For today’s example, I’ll demonstrate how to scrape jobs from the Brassring Applicant Tracking System (ATS). For those who’ve never encountered Brassring, their software allows companies to post job openings, collect resumes, and track applicants.
Overview
The following link takes you to the job search page for Bright Horizons, a child care company that uses the Brassring ATS to host their job openings:
https://sjobs.brassring.com/TGWebHost/home.aspx?partnerid=25595&siteid=5216
If you click the above link, you’ll land at the Welcome page.
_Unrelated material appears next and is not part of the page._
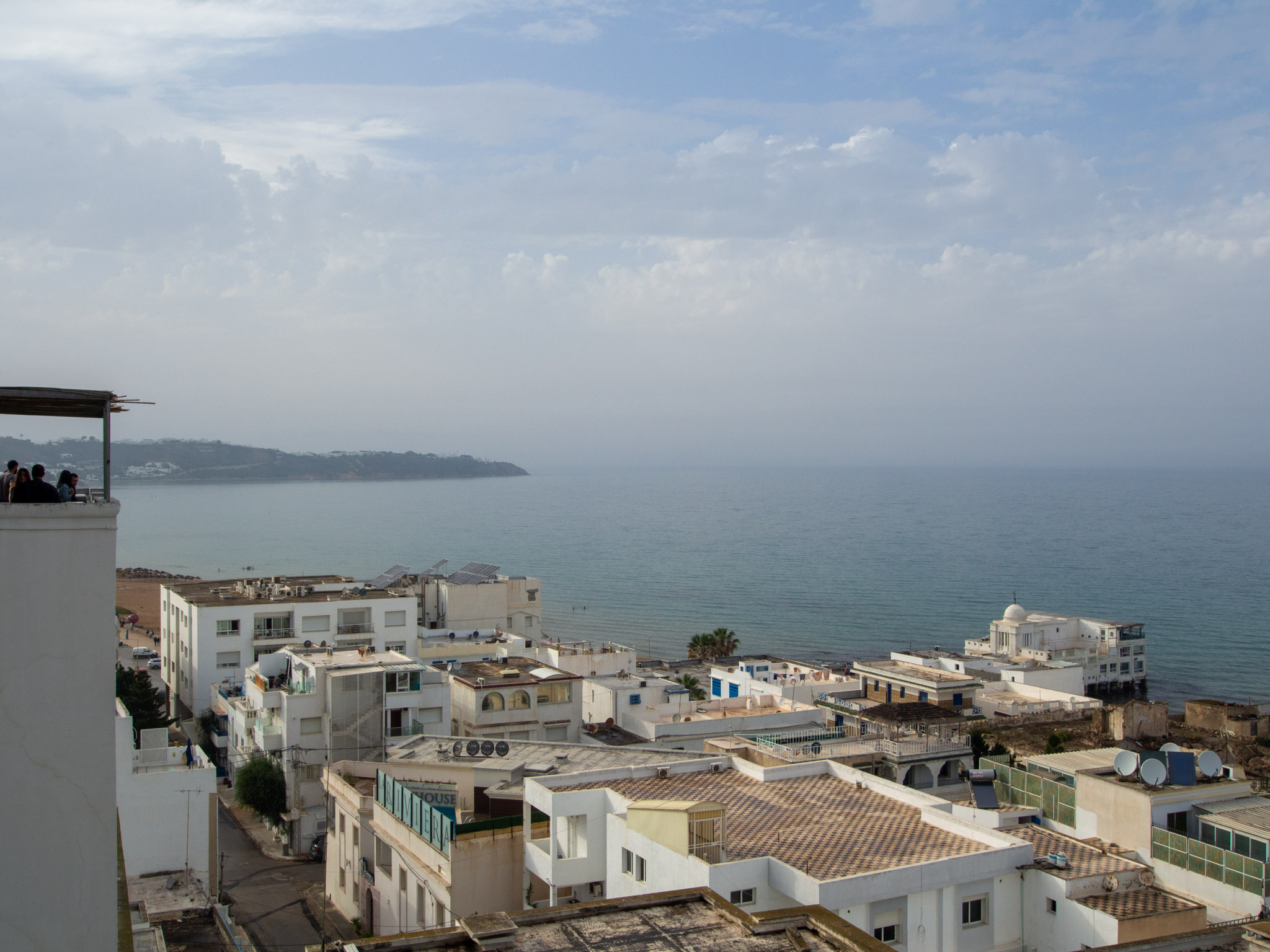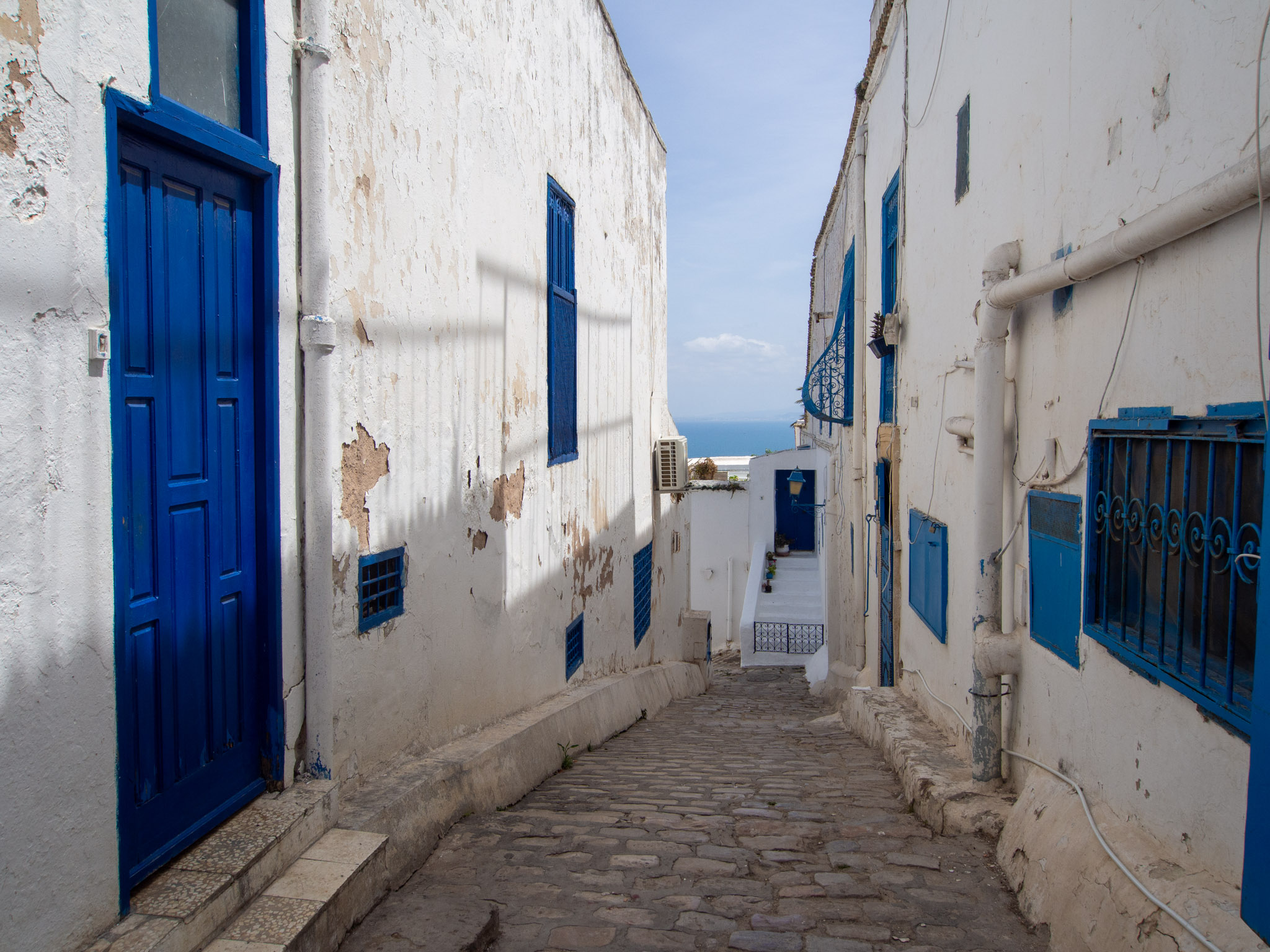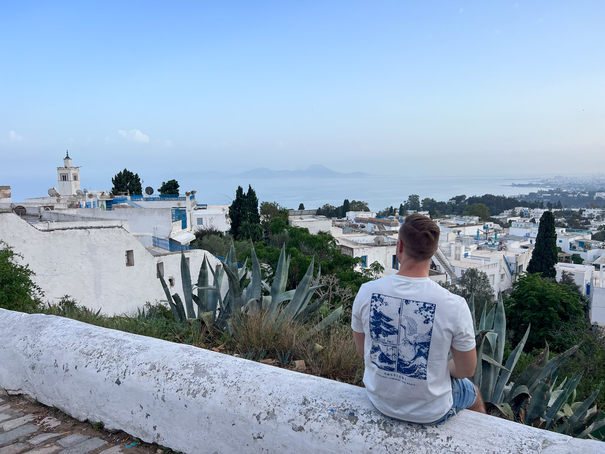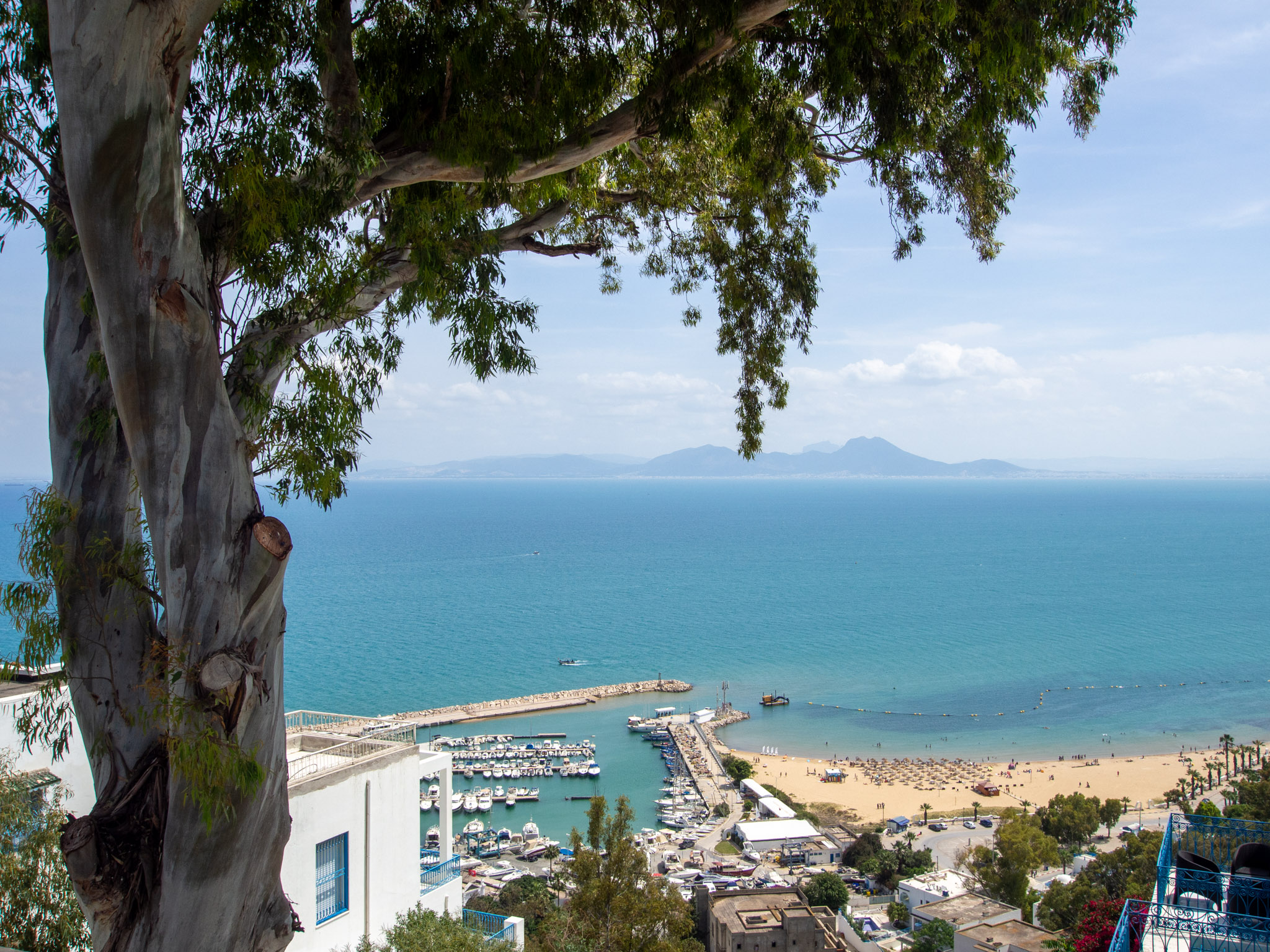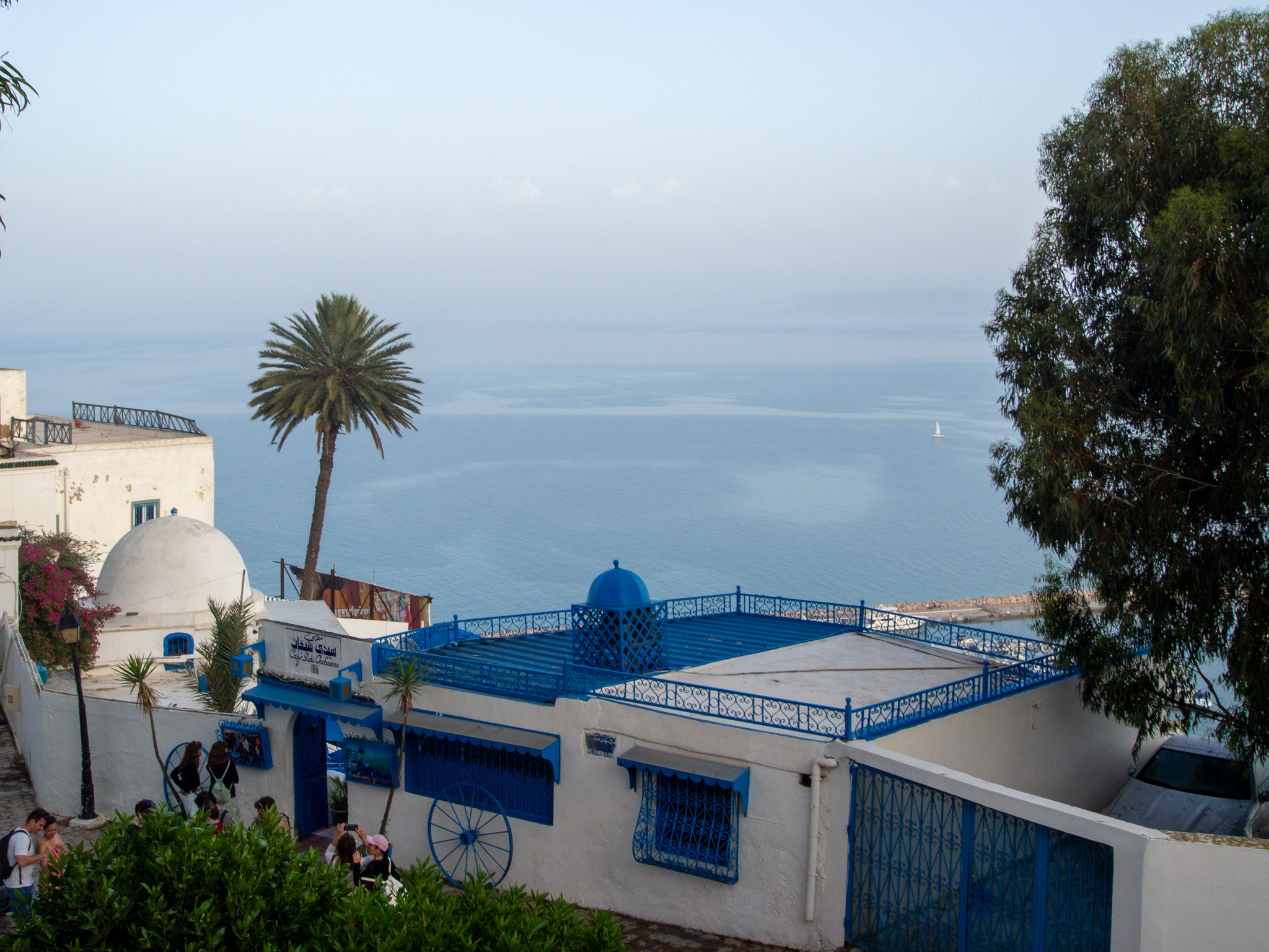 Depuis le haut du village, on domine les toits blancs et la mer, on peut même apercevoir les immeubles de Tunis au loin.
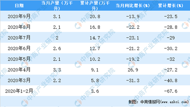 據(jù)中商產(chǎn)業(yè)研究院數(shù)據(jù)庫(kù)顯示,2020年9月全國(guó)葡萄酒產(chǎn)量增長(zhǎng),2020年9月全國(guó)葡萄酒產(chǎn)量為3.1萬(wàn)千升,同比下降13.9%。2020年1-9月全國(guó)葡萄酒產(chǎn)量為20.8萬(wàn)千升,同比下降23.5%。

From there, click on the Search openings link.
The Search openings page presents a form where you can refine your search based on keywords, location, etc.
Once you’ve submitted your search you’ll end up at the search results page.
The job search results in the above table are dynamically generated from JSON data in one of the form controls.
Specifically, the jobs come from a form named frmResults
with a hidden input field named ctl00$MainContent$GridFormatter$json_tabledata
.
The value attribute in this field contains the jobs.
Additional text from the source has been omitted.